Estimates from the field data analysis converged similarly by analytical and MC EM REML. Figure 3 illustrates the convergence of the covariance estimate between the genetic intercept terms of milk and fat yield by both methods with different MC sample sizes. When 20 samples were generated within an MC EM REML round, estimates followed closely those from the analytical EM REML analysis. Estimates using only one sample within an MC EM REML round were associated with a larger MC error, although this did not hamper convergence, giving estimates that followed those from the analytical EM REML analysis.
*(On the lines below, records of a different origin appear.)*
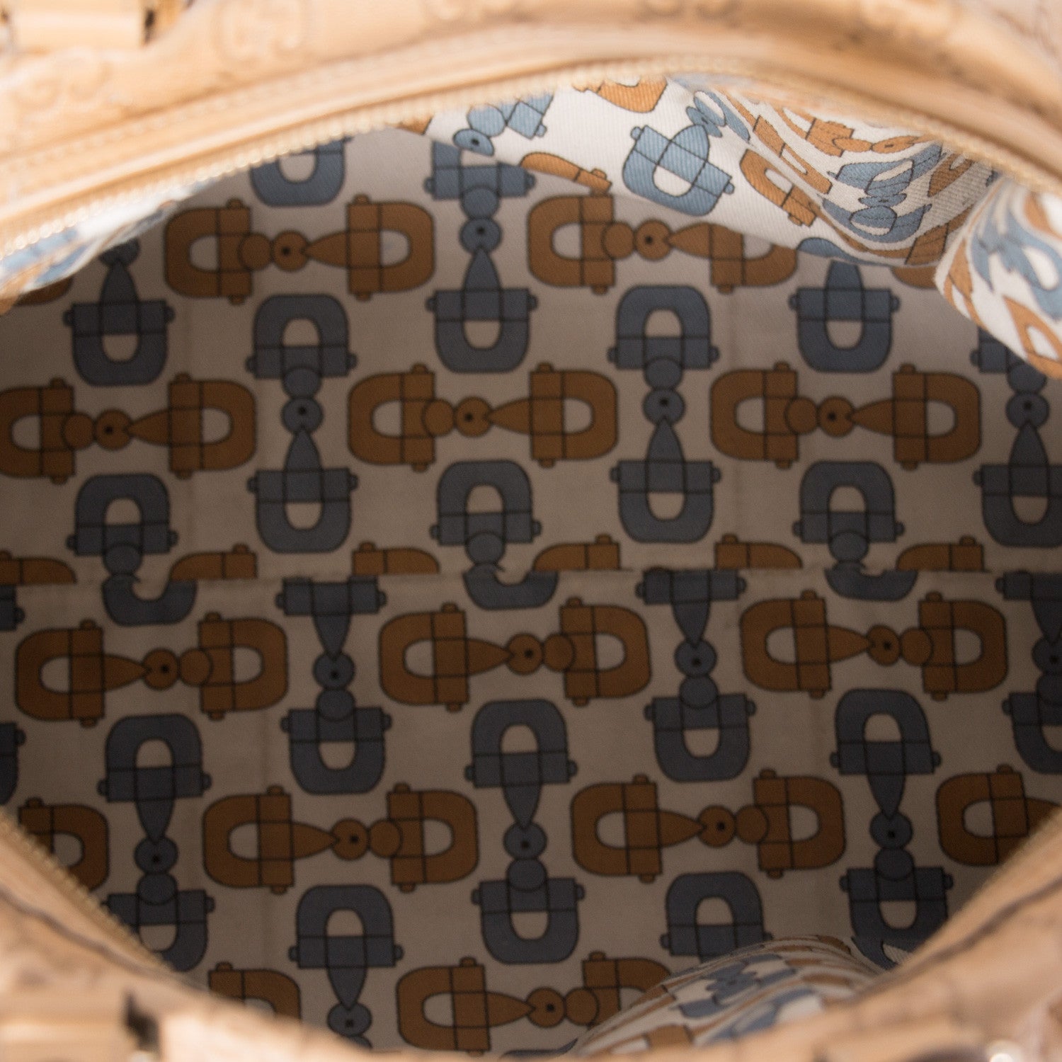 Details: Tan Guccissima Leather / Golden Brass Hardware / Embossed GG Initials Throughout The Leather / Dual Rolled Handles / Zip Closure On Top / Multicolor Interior Textile Lining / Single Pocket At Interior Wall
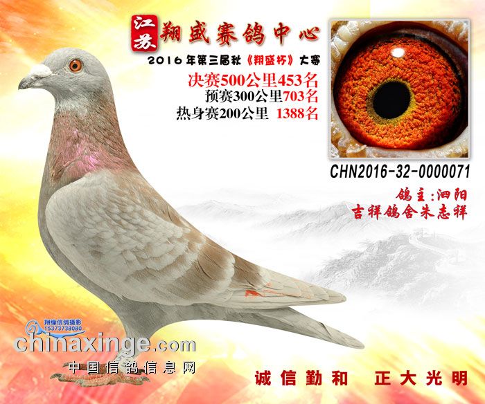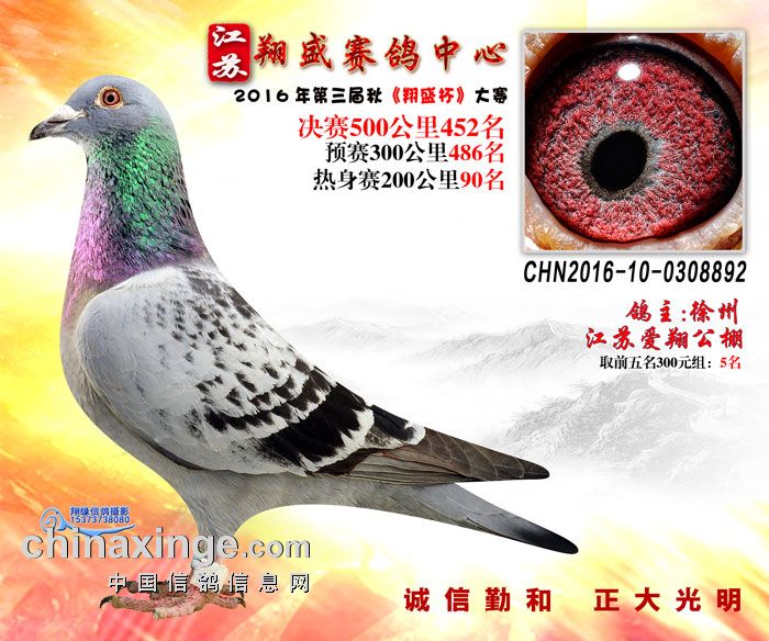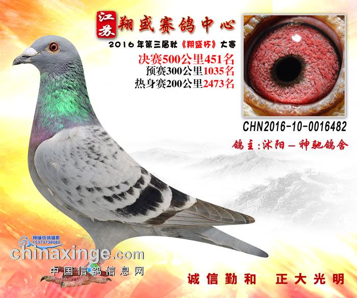 16年江苏翔盛公棚决赛获奖鸽欣赏451-455名
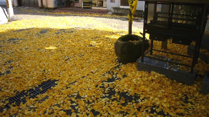 イチョウの葉が落ちて境内は黄色いカーペットを敷いたようになっており、通りがかった人も私と同じようにカメラに納めていました。
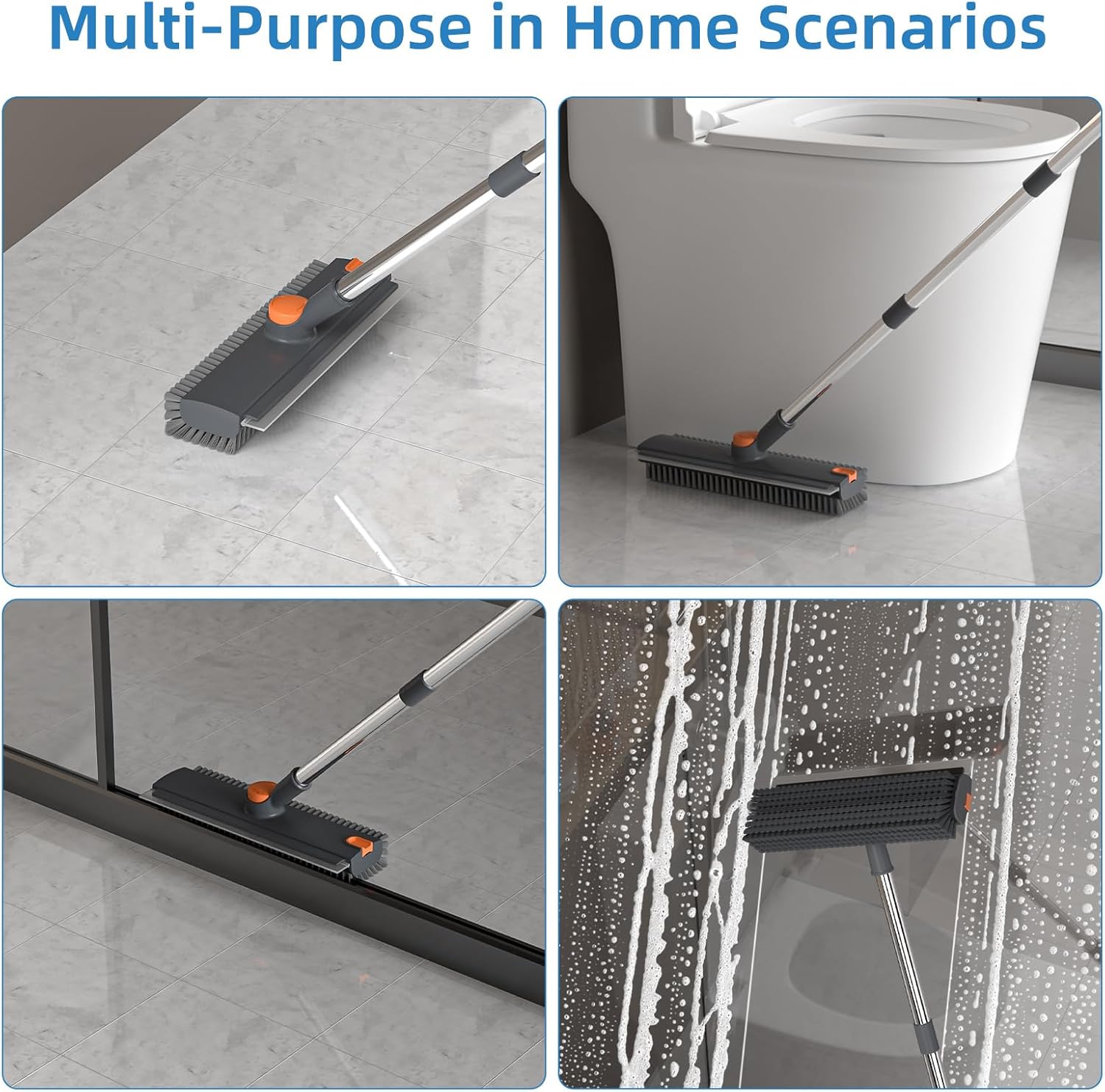 - 📏 Adjustable Extended Handle: Customize your reach! The sturdy stainless-steel handle extends from 16" to 52", so you can clean floors, windows, and showers standing up—no bending or back pain. addition, the handle top has hole for hung in any location
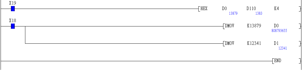 HEX指令:與ASC指令正好相反,K4同樣表示轉換幾個字符串,D0=K13879先轉換為二進制
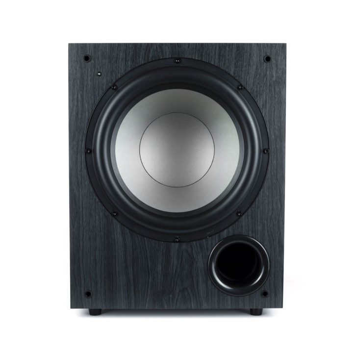 Динамик и фазоинвертор саба почти полностью заняли его лицевую панель: динамик — в верхней ее части, фазоинвертор — в правом нижнем от слушателя углу.
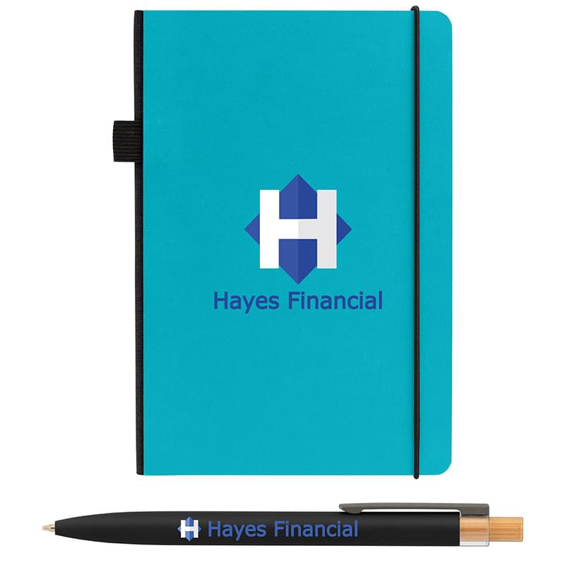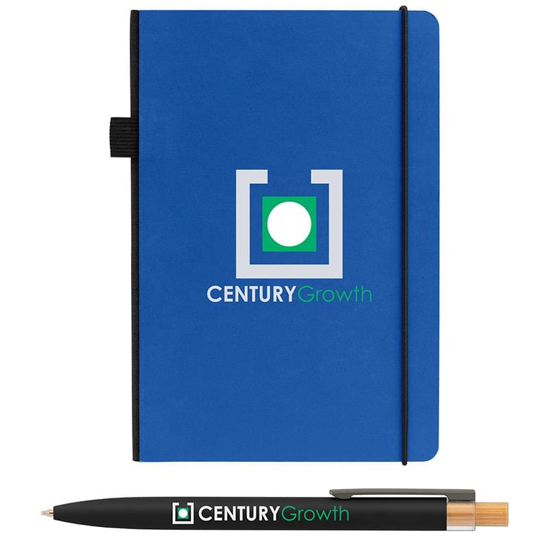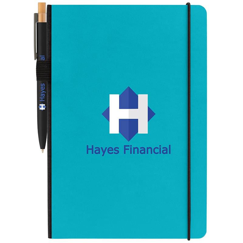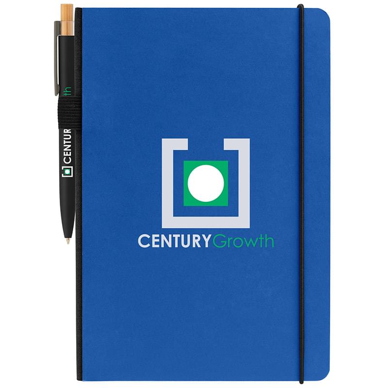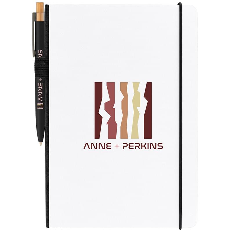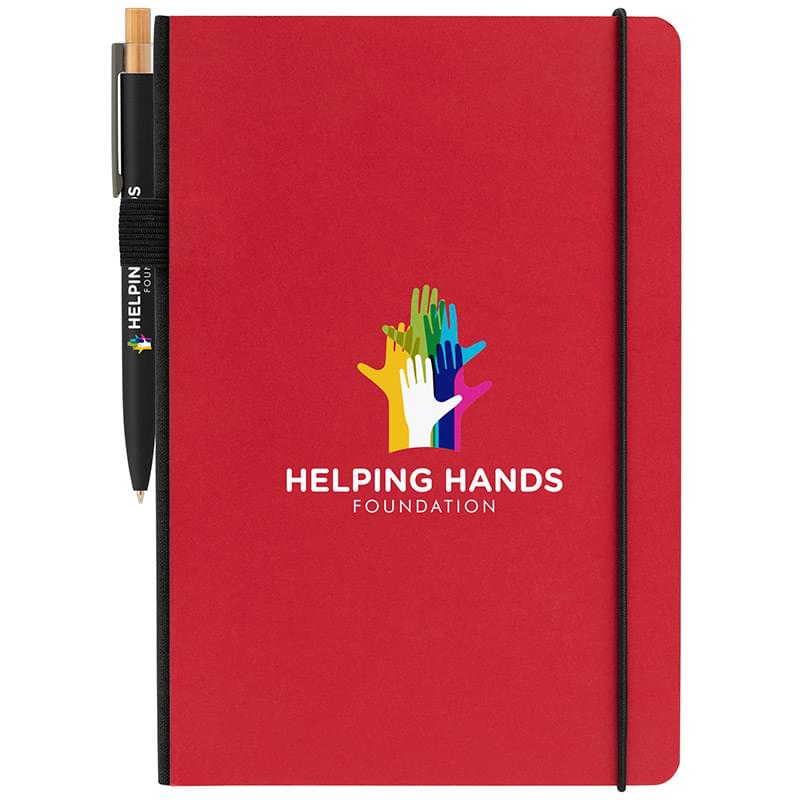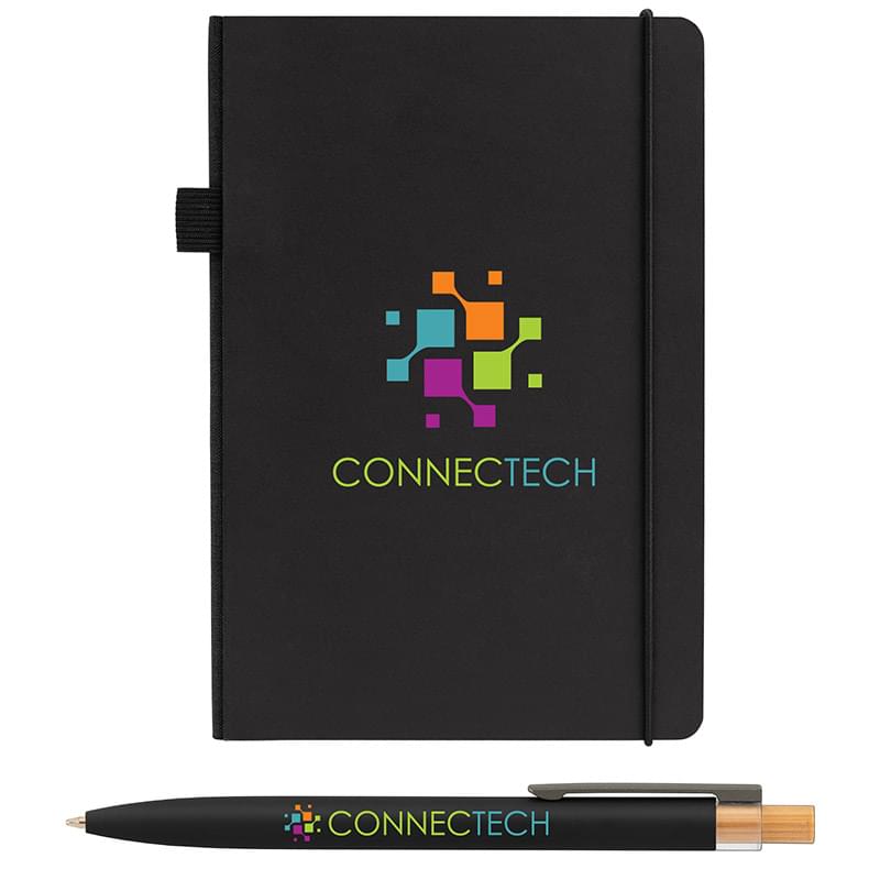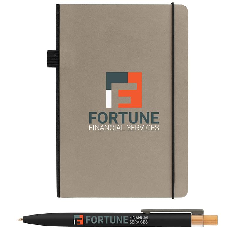 Introducing our Recycled Kraft Paper Cover Journal & Pen Set - A5 5.9" x 8.3" - perfect for individuals who appreciate quality and style. This set includes a journal and a pen designed for both functionality and elegance. The front cover of the journal is made from 2mm thick recycled kraft paper, while the back cover and spine are crafted from black RPET material. This journal features a black elastic pen loop on the spine and a black elastic strap with silver grommets for secure closure. Inside, you will find 80 sheets of 70gsm ivory-colored, college-lined paper sourced via responsible forestry. Complementing the journal is the MTR recycled aluminum pen with bamboo accents, available in black, to match all notebook colors. Show your brand's true colors with ColorJet, our full-color inkjet imprint process.

With only one MC sample within an MC EM REML round, the means of relative differences between VC estimates by the analytical and MC EM REML algorithms at the final iteration were 2.8%, 6.7% and 0.3% for permanent environment, genetic and residual (co)variances, respectively. Similarly, the mean differences with five MC samples were 2.8%, 3.9% and 0.1%, respectively, and with 20 MC samples 0.8%, 1.5% and 0.1%, respectively, within an EM REML round. In general, the smallest relative differences were found for residual (co)variance parameter estimates and the largest differences for genetic (co)variance parameter estimates. Relative differences decreased when the MC sample size increased.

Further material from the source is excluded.